→ **Requirement**
Leaving out the pictures, return word for word the stretch of entries below from the line holding "(копиране, дублирате) на" through the line holding "Remove from the".

____________________

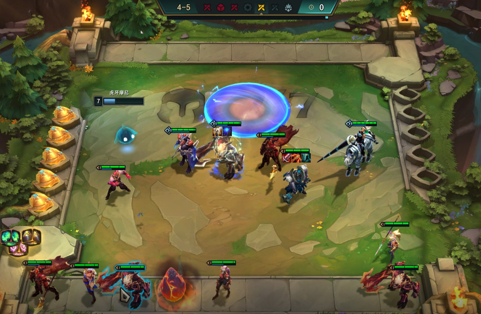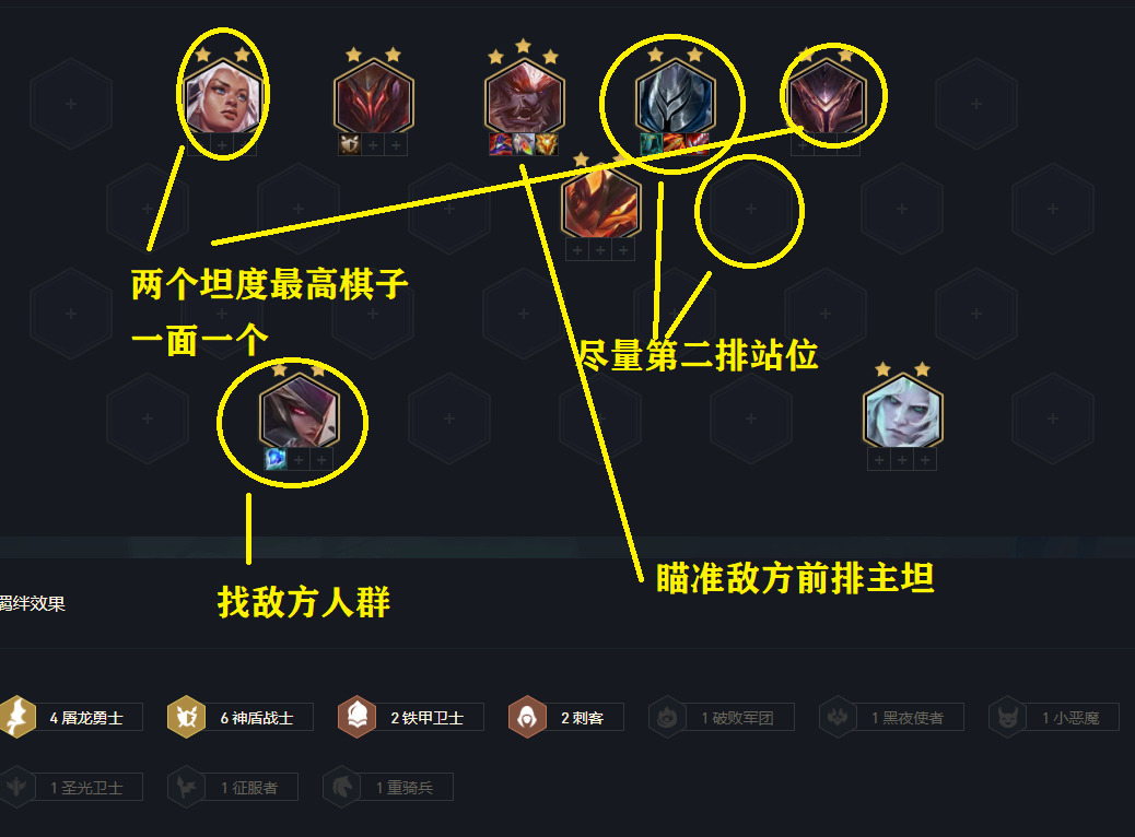 第一排棋子:前排棋子一字排开,芮尔,潘森一面一个,巨魔找敌方主坦,如果有鸟盾武器可第一排站位,如果没用尽量不要站第一排,避免被薇恩飓风刮到,或者站位在薇恩的另一面。
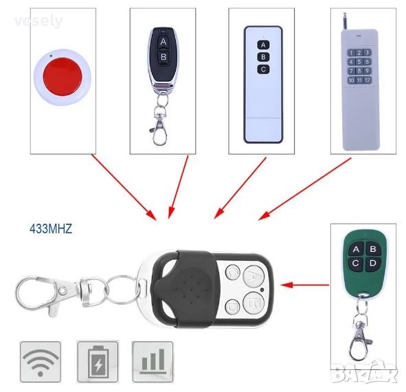 (копиране, дублирате) на почти всички дистанционни работещи на честота 433mhz и 433.92mhz дистанционни на гаражни врати, автоматични бариери с честотен диапазон 433mhz и 433.92mhz ,
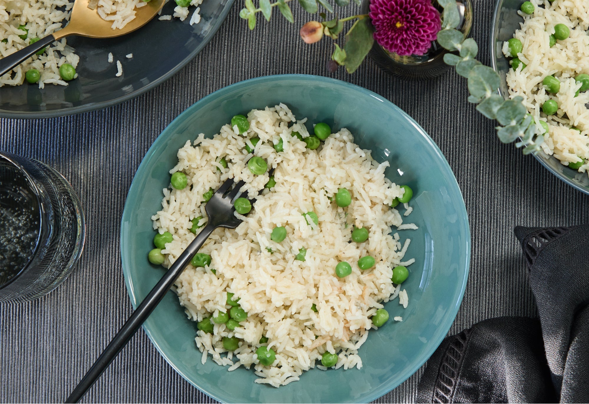 Remove from the heat, uncover, and add the peas if using. Lay a folded, clean kitchen towel over the pan and cover with the pan’s lid to hold the towel in place. Let the rice rest for 10 to 12 minutes. Remove the lid, fluff with a fork, and serve.
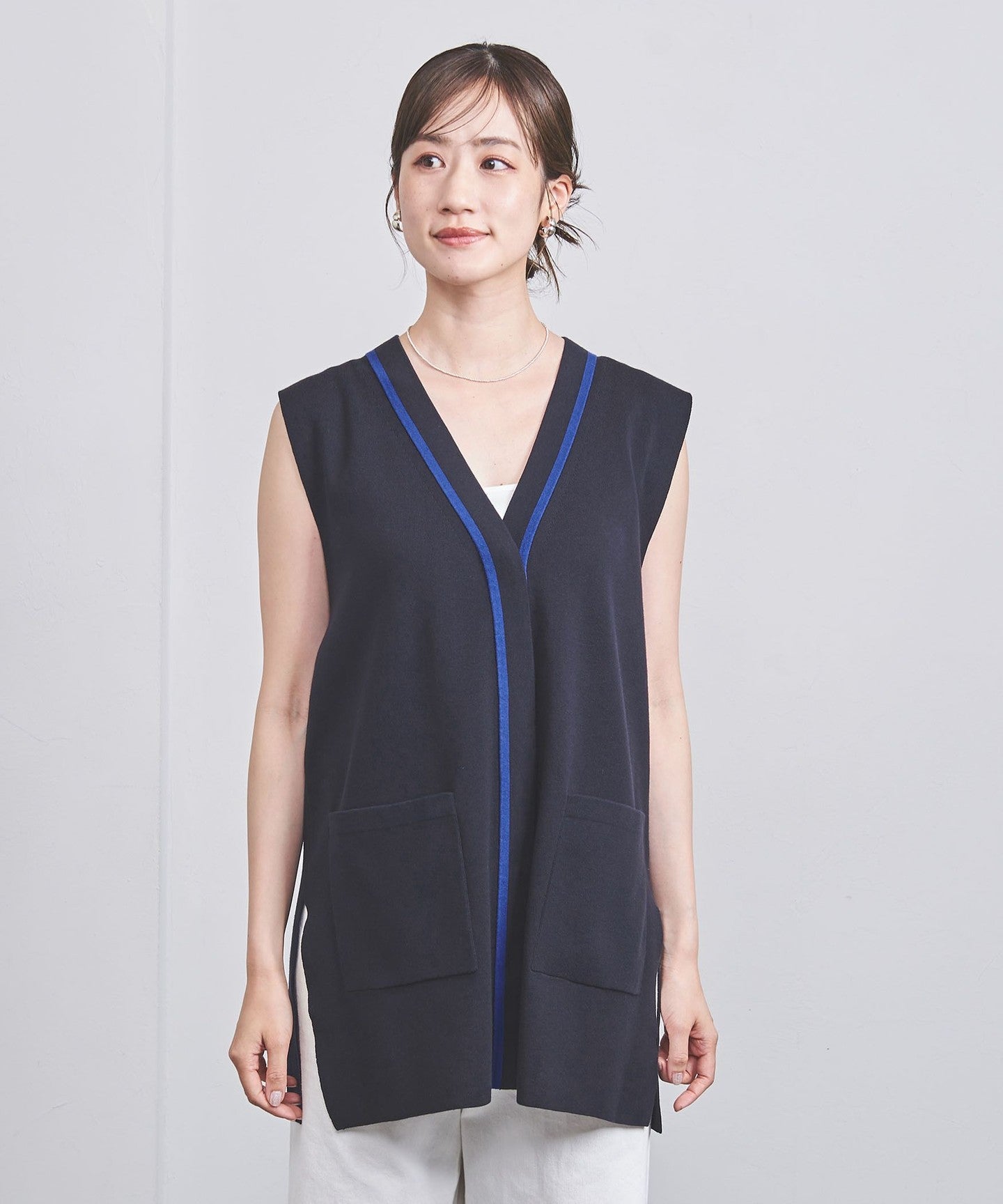 A long knit vest with a moderately loose fit.
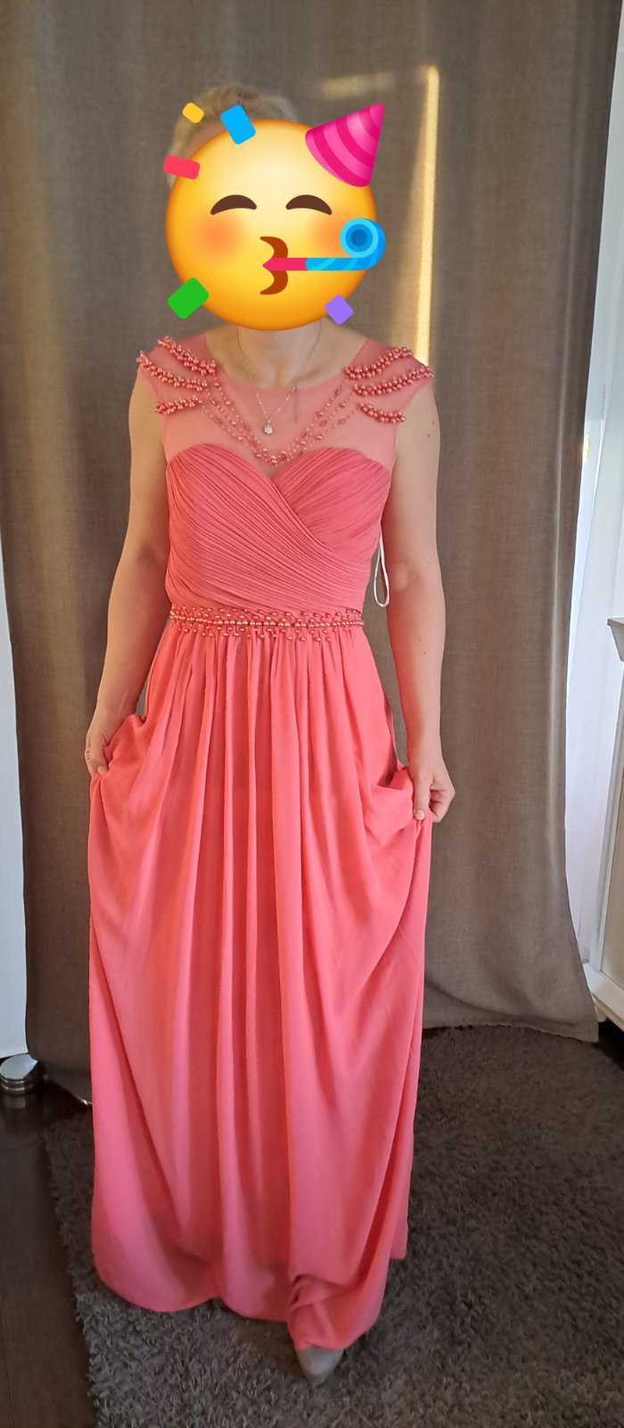 NLY trend nove damske dlhe saty s perlami,komplet s etiketou a nahradnymi perličkami,velkost M,dlzka je 137cm a sirka v pase je cca 38x2cm,cez prsia je gumka…fakt krasne a farba koralovo ruzova
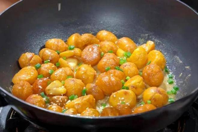 让每一颗板栗都裹上那金黄的咸蛋黄酱,翻拌好了之后,撒上葱花和芝;
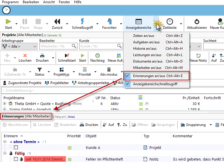 Über den Knopf "Anzeigebereiche" können Sie im Projektmanager Ihre Erinnerungen einblenden:
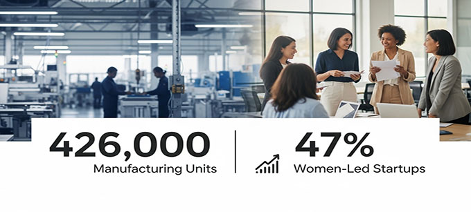 - विनिर्माण इकाइयों की संख्या 4 लाख 26 हजार पहुंची, महिला नेतृत्व के स्टार्टअप 47 प्रतिशत तक बढ़े

____________________

→ **Expected output**
 (копиране, дублирате) на почти всички дистанционни работещи на честота 433mhz и 433.92mhz дистанционни на гаражни врати, автоматични бариери с честотен диапазон 433mhz и 433.92mhz ,
 Remove from the heat, uncover, and add the peas if using. Lay a folded, clean kitchen towel over the pan and cover with the pan’s lid to hold the towel in place. Let the rice rest for 10 to 12 minutes. Remove the lid, fluff with a fork, and serve.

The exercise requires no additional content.